There’s too much to go into but I do want to shout out that there are some very cool things that you can learn by doing straight win32 programming. For instance other frameworks like WinForms are just extended class based wrappers around win32 concepts. There are also things like accellerators, menu bars, dialogs, resource files, and effects you can achieve with window styles, that were all fun to learn about.

NES Internals

High level overview of the internals of an NES. I’m gonna skip a ton, oversimplify and half of the terms won’t make sense without other knowledge so… sorry?

CPU

The NES uses a modified version of the MOS6502 cpu, a chip that was used in a lot of computers at the time. They basically wrapped that chip in a package that also had the audio chips, a DMA controler, and some hardwiring of the memory space to things like the controllers and the PPU. So even though there’s reference to an APU, it kinda doesn’t exist except conceptually since it’s all part of the CPU.

APU

The APU consists of hardware to drive 5 channels of output, which are then mixed together and pass through some filters to go out to the speakers. These consist of the following channels:

  • Pulse (x 2): Square waves that use pulse width modulation. Used for most general sounds.
  • Triangle: Less harsh than the pulse channels. Used for bass lines or wind instruments.
  • Noise: Random noise generator. Sounds a bit like static and often used for percussion.
  • DMC: Outputs delta encoded samples from memory. Used most notably for voice clips.

PPU

The graphics on an NES are generated by the Picture Processing Unit (PPU). VERY broadly speaking the PPU renders two things: background tiles and sprites. Sprites are made up of a collection of tiles at a specific position.

All of the tiles are rendered from an area of memory called the pattern table, which is then combined with a specific pallette to output the right set of colors for that tile in that location. Backgrounds use nametable memory for layout which can be controlled and expanded on by the cartridge. Sprites use OAM ram, which is on the PPU itself and limited to 64 sprites.

Unlike the CPU, the PPU is a hardwired chip and runs through a preset “script” in a sense, based on which dot (x position) and which scanline (y position) it’s on. This means that any game code that has to alter graphics must be done in a specific window of time or be meticulously planned to run at exact points in the process.

Memory

The CPU has 64KB of address space, but that’s actually partitioned to different physical connections and several parts are mirrored, as in they map to the same physical space. The PPU has a separate 16KB of address space which is similarly mapped to different chips and some parts are mirrored.

The NES has 2KB of onboard RAM for the CPU and 2KB of VRAM for the PPU. The PPU internally has 256 bytes for sprite data, called OAM, or Object Attribute Memory, along with 28 bytes to store pallettes.

All of the remaining address space is mapped between the CPU, PPU, APU, controllers, and the cartridge. Every game cartridge can have various hardware with more or less capacity than other games depending on the budget of the game and what effects the developers were trying to achieve. This is what mappers are for.

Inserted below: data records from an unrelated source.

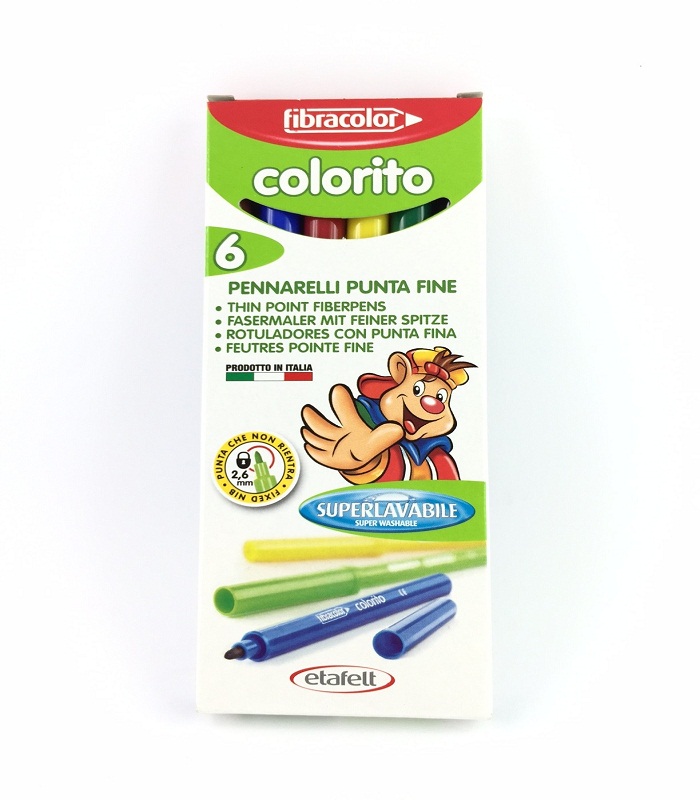 Fine Point Super washable Markers 6 Pcs Fibracolor
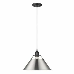 Orwell is an extensive assortment of industrial style fixtures. The beauty and character of the collection are in the refined details. This transitional series works well in a variety of settings. Partial shades shield the eyes from possible hot spots, while the open tops tease onlookers with a view of the sockets and bulbs. The design allows light and heat to escape from above and below the metal shades, providing both task and ambient lighting. Edison bulbs are recommended to compete the vintage, industrial look of the fixtures. A choice-selection of finish and shade color combinations heighten the appeal of the series. Opal glass shades are available for bath fixtures. Single pendants are suspended from woven fabric cords while multi-light fixtures are rod-hung.
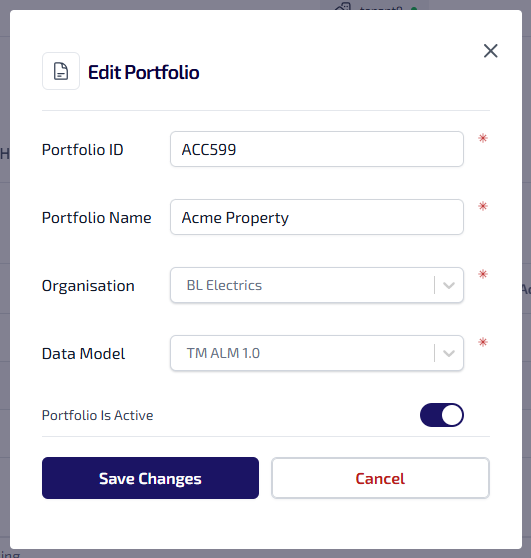 Is Active* - indicates whether the portfolio is available to be assigned to assets.
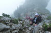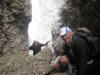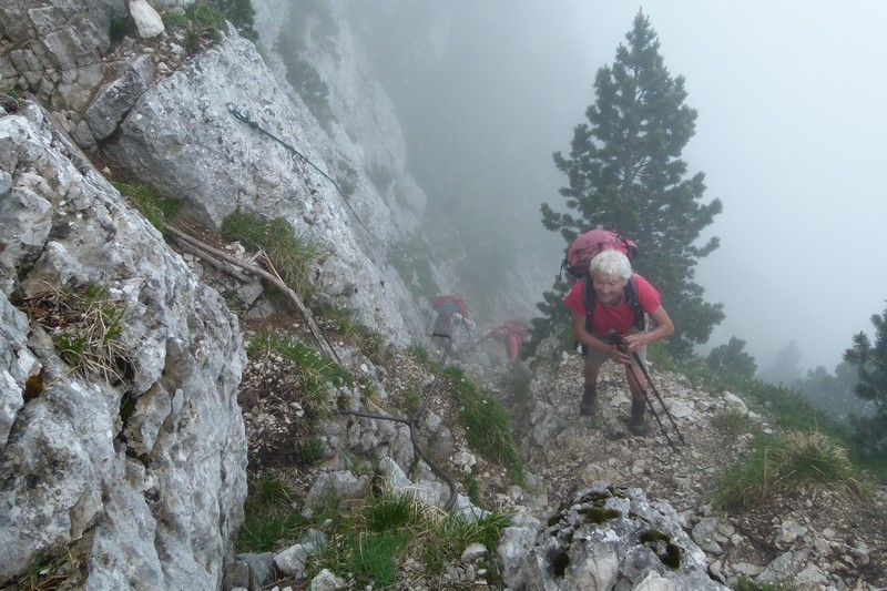 Départ du col de Plainpalais pour cinq Clinetorandes. Marie Claude se « tartine » de crème solaire …alors qu’un brouillard dense nous envahit…. Nous nous enfonçons dans les bois boueux (il a plu la veille) pour sortir au pré des Carres dans une prairie regorgeant de fleurs : muguet, renoncules, gentianes, lis de Saint Bruno, compagnons rouges,linaires des alpes, églantines etc.…Le sentier s’élève rapidement dans les pierriers pour arriver au pied de la paroi. La deux possibilités ; comme l’homme est d’une nature curieuse, il veut tout voir …nous grimpons à droite dans un cirque, escaladons une vire rocheuse qui s’élève tantôt à gauche tantôt à droite jusqu’à l’entrée de la grotte. Bébert repère les lieux il faudrait se hisser une fois de plus sur des rochers glissants surplombant le vide… Nous sommes alors à 150 m du sommet…Pas de risque …demi tour pour le passage de la crevasse, sur une avancée rocheuse au dessus d’une falaise où nous pénétrons le défilé par une échelle, suivons son fond jusqu’à sa sortie au dessus du trou de l’Agneau toujours plongée dans le brouillard. Nous entendons les appels des trois Clinetos, partis de la place de Baban , mais impossible de se voir. Après plusieurs SMS échangés, les deux groupes ne se réuniront pas pour le pique nique.

For example NROM which is mapper 0, was a set of cartridge boards that have a fixed mapping. The CPU addresses above 0x8000 always go the same place on the cart. It’s used in several early games like Donkey Kong, which is the first game to get working if you have it. Mostly because it’s mapper is so simple and it doesn’t have a moving camera.

On the other end of the spectrum you have something like MMC3 which had 512KB of CPU accessible memory alone, more than the CPU can address. So it has internal logic that lets you swap what parts of the address space map to what parts of the ROM. The PPU has a separate set with it’s own logic to swap what maps to what. Plus it has it’s own interrupt mechanism for counting scanlines based on PPU accesses, it’s a whole thing.

Conclusion

This project was a ton of fun and I know this is only the beginning. It’s important that we keep this kind of low level knowledge alive. Even though I’ve spent the last 7+ years doing web dev, it’s valuable to understand how computers actually work to keep things in perspective and to know what’s possible.